By Danielle Owczarski
Crickets sound their high-pitched hum, blaring sirens swell and shrink, sweat percolates in overlapping areas, distant music floats through the moonlit breeze, insomnia returns, a kingfisher chatters along the lake shore, a main sail flaps in the breeze – all signifying the shift to summer in Burlington. Spring has its moments with its ephemeral blooms, but with summer, we shed the last layers of clothing. White skin peeks out no longer shy, soon many shades darker and prominently displayed. We relish the summer months without the taunting of spring’s undulating meteorological moods. Like our seasonal feathered friends, we break out into bold colors and partake in the ritualistic dance of the Burlington Jazz Festival and music on the waterfront. The neighborhood druids welcome the summer solstice by gathering around the Earth Clock in Oakledge Park, drumming in the sunlight’s energy.
Midsummer festivals, boldly celebrated in pre-Christian times and still today in many cultures under an altered guise, take place around the solstice. The Oxford English Dictionary states that summer has its origins in Old English as sumor, sumere, and somera among other variations first recognized in text c. 825, referring to its role as the warmest season of the year. And while summer more accurately applies to the astronomical solstice then to the actual beginning of the seasonal and climatic change, it is understood as a time of fertility, growth, and warmth. Bonfires and heavy drinking are the most common signifiers of midsummer revelries throughout the world, the celebration linked to the birth of John the Baptist, born six months prior to Jesus. However, stripped of its religious shroud, in the silence and beauty of the early morning, summer is the celebration of energy transformed into life.

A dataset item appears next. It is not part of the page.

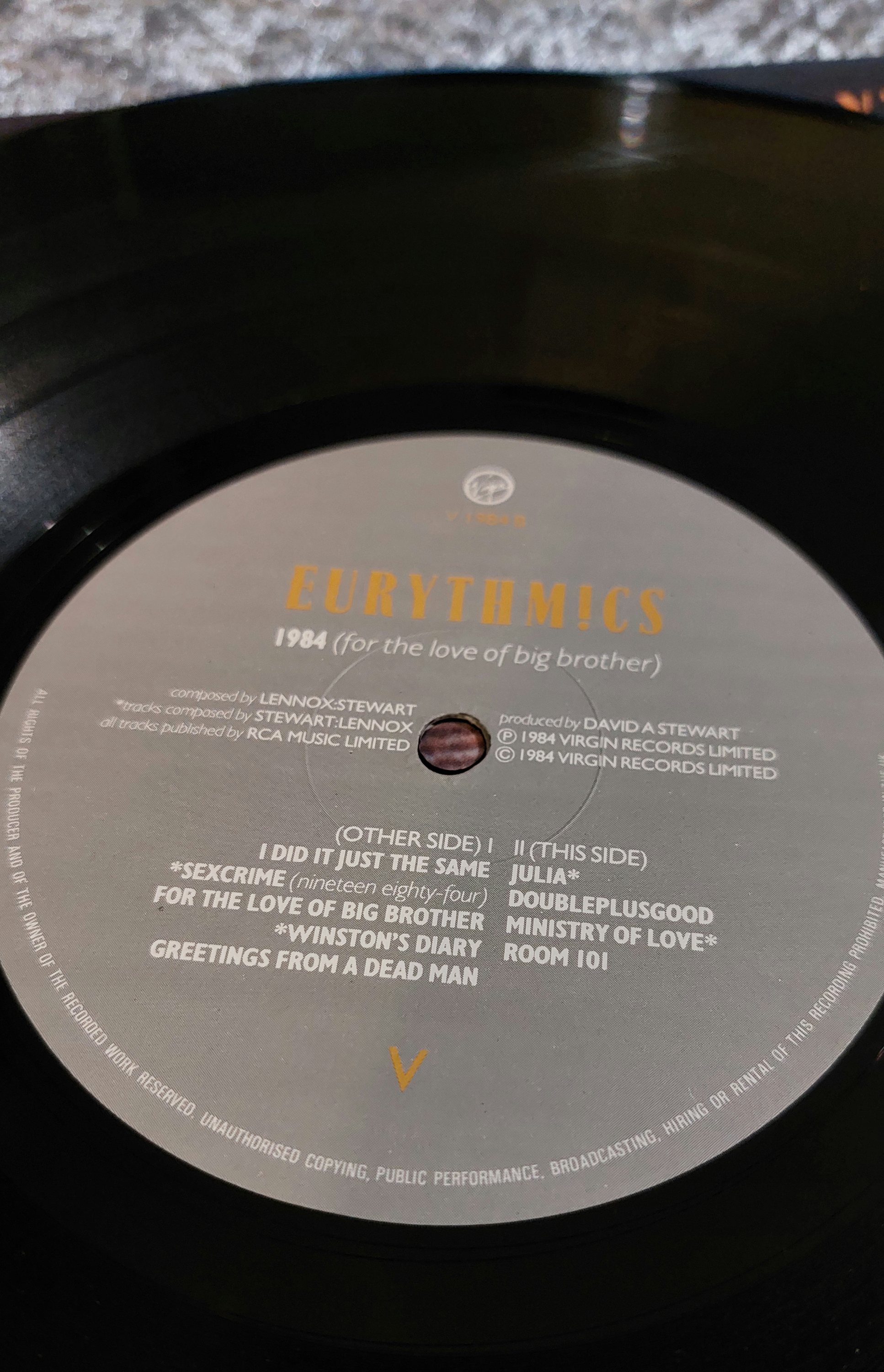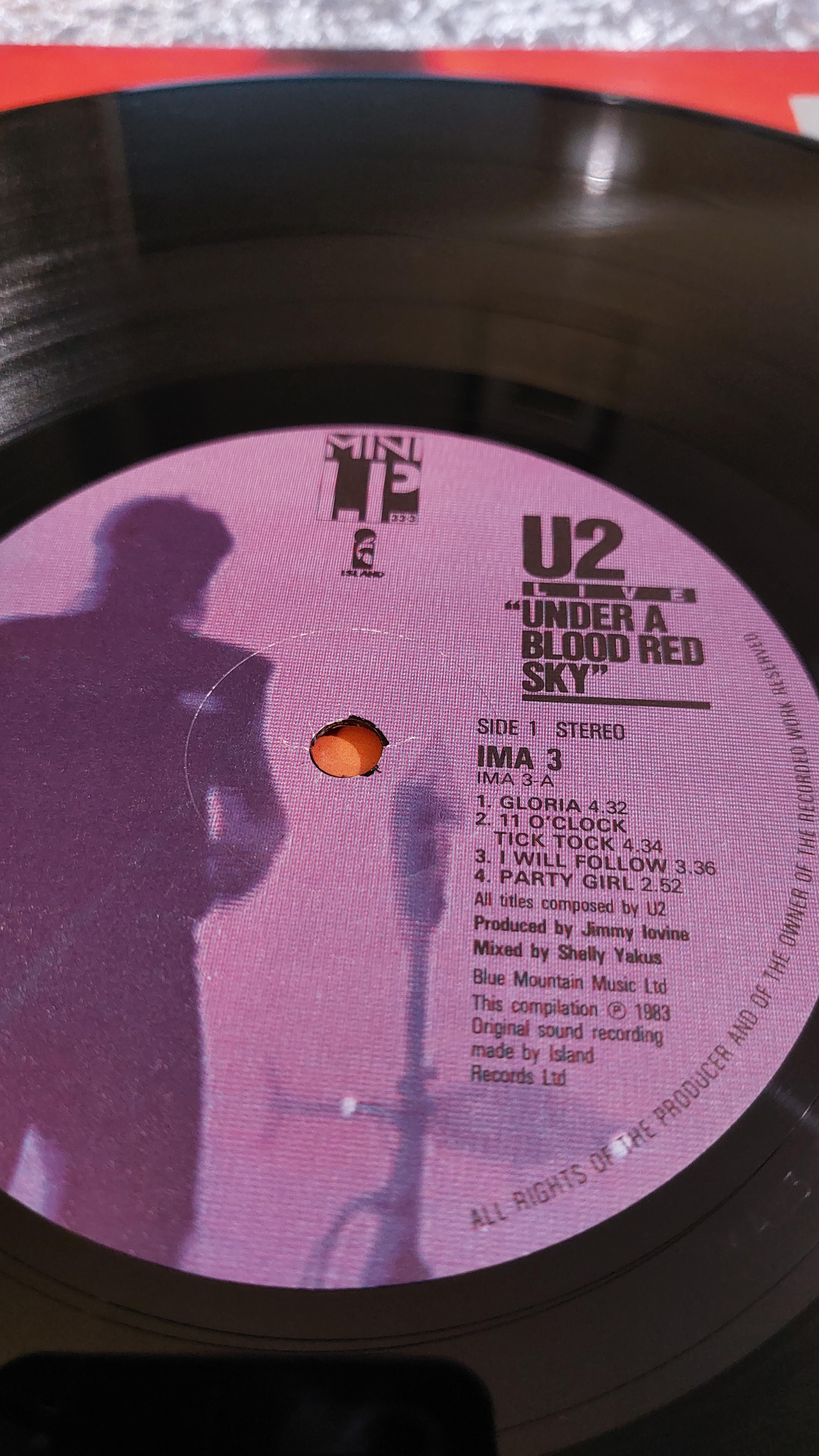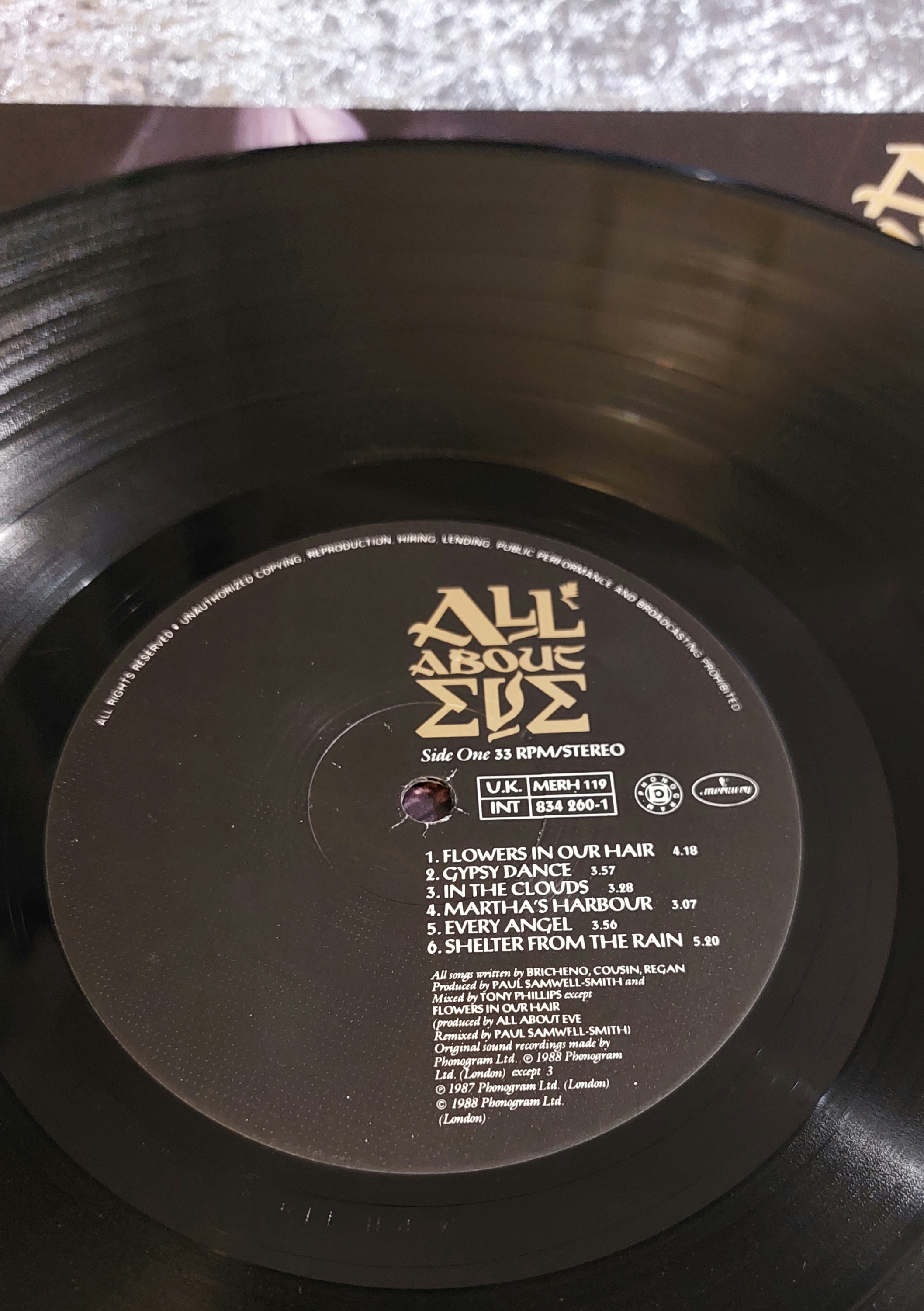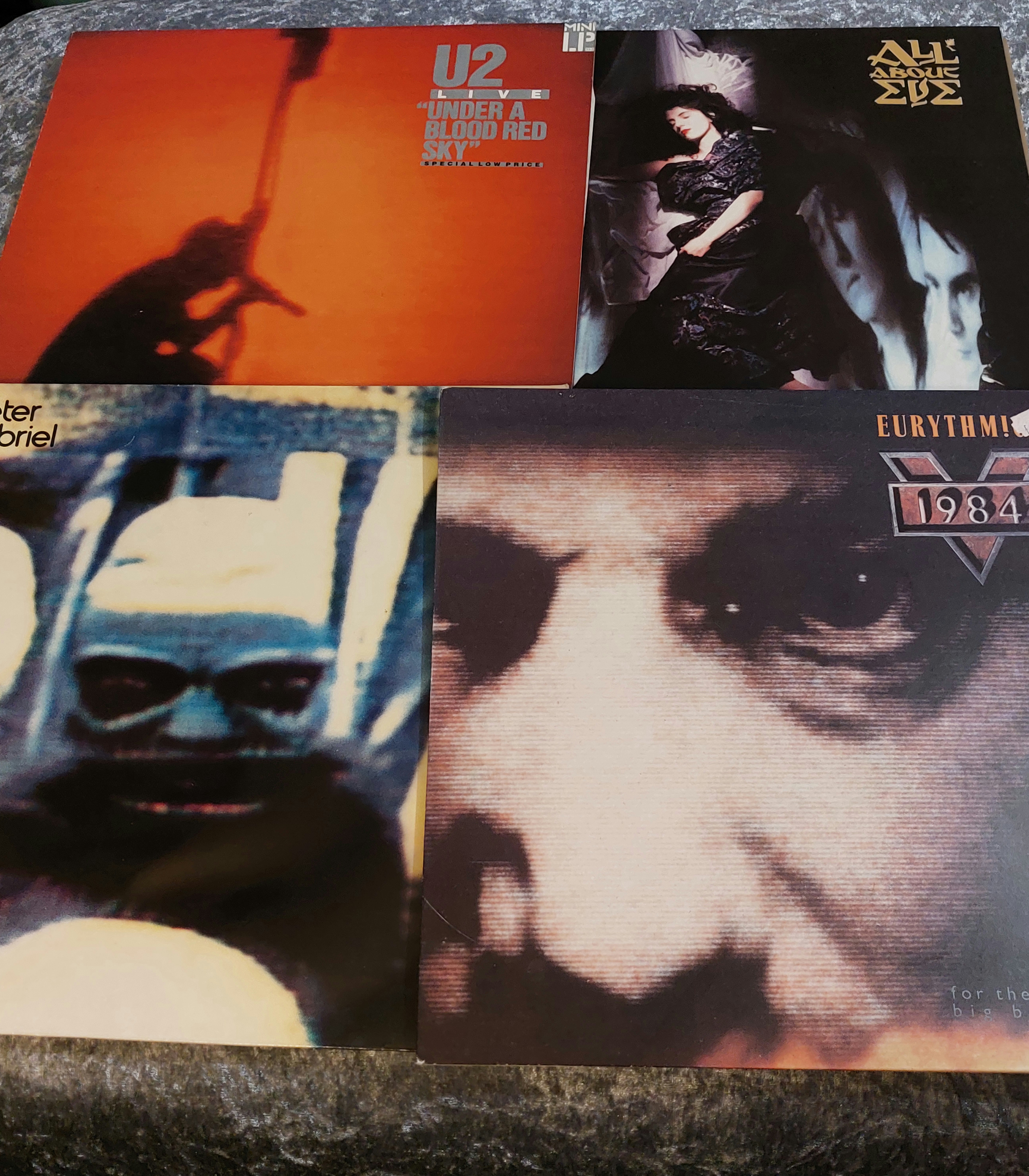 Four 12-inch vinyl LP records, visually identified as U2 “Under a Blood Red Sky,” All About Eve “All About Eve,” Peter Gabriel “Peter Gabriel,” and Eurythmics “1984 (For the Love of Big Brother).” The records and covers show varying degrees of wear consistent with age. Labels include track listings, artist, record company, and copyright information.

Despite the simplicity of its title, summer is dynamic, generating an ever-changing understory and flow of biotic change. Those of us who work outside during this time of year follow the influx of hatching insects good and bad. Appearing first are the black flies, followed by the deer flies and mosquitoes. While the former two usually abide by shorter seasons, the mosquitoes continue hatching throughout the late summer months. Overshadowed by the annoying, small flying insects are those who act as predators keeping them at bay.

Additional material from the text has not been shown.